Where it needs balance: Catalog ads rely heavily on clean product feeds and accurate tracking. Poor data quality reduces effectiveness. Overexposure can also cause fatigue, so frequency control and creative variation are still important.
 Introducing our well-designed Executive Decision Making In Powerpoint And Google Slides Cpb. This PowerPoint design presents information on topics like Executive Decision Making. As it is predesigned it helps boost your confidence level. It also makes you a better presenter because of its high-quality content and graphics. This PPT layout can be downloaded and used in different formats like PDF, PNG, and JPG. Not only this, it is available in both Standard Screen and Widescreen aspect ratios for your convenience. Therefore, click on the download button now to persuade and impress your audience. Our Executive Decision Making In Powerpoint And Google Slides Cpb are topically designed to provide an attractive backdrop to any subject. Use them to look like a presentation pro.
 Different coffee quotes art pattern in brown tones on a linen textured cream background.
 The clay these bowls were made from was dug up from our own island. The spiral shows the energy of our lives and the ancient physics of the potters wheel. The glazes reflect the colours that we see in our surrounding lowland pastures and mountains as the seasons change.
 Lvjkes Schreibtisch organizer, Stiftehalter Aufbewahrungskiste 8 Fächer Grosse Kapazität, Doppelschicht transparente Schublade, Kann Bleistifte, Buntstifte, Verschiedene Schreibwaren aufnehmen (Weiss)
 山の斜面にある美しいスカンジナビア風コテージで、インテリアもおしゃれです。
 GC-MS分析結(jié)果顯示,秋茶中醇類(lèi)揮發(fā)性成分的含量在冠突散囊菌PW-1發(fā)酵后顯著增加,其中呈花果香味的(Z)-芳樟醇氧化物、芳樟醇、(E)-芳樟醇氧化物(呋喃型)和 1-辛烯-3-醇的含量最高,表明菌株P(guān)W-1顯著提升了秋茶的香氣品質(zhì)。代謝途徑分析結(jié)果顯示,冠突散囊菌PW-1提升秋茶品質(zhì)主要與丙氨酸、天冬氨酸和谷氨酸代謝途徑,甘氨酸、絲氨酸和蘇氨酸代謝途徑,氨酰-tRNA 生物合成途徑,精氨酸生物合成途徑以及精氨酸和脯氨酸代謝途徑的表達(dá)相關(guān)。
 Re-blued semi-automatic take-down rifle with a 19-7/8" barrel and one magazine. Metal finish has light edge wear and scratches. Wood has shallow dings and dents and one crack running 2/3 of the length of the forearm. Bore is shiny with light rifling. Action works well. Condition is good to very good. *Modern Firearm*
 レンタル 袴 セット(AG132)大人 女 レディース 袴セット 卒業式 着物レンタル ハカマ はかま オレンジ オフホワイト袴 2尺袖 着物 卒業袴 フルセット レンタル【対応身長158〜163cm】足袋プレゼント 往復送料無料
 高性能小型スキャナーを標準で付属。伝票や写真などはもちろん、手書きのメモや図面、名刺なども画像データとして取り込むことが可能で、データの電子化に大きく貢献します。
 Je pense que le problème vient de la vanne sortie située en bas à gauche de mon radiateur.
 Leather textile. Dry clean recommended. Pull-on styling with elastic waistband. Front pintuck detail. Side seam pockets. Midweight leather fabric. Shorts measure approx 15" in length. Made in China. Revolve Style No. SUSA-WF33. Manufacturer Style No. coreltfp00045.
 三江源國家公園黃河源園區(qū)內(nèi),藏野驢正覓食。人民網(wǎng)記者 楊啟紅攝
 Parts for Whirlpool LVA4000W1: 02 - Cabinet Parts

| Task to complete |
Precisely the lines between those holding "レンタル 袴 セット(AG132)大人" and "Je pense que", inclusive, are to be reproduced from the listing above, with nothing added.

| Answer space |
 レンタル 袴 セット(AG132)大人 女 レディース 袴セット 卒業式 着物レンタル ハカマ はかま オレンジ オフホワイト袴 2尺袖 着物 卒業袴 フルセット レンタル【対応身長158〜163cm】足袋プレゼント 往復送料無料
 高性能小型スキャナーを標準で付属。伝票や写真などはもちろん、手書きのメモや図面、名刺なども画像データとして取り込むことが可能で、データの電子化に大きく貢献します。
 Je pense que le problème vient de la vanne sortie située en bas à gauche de mon radiateur.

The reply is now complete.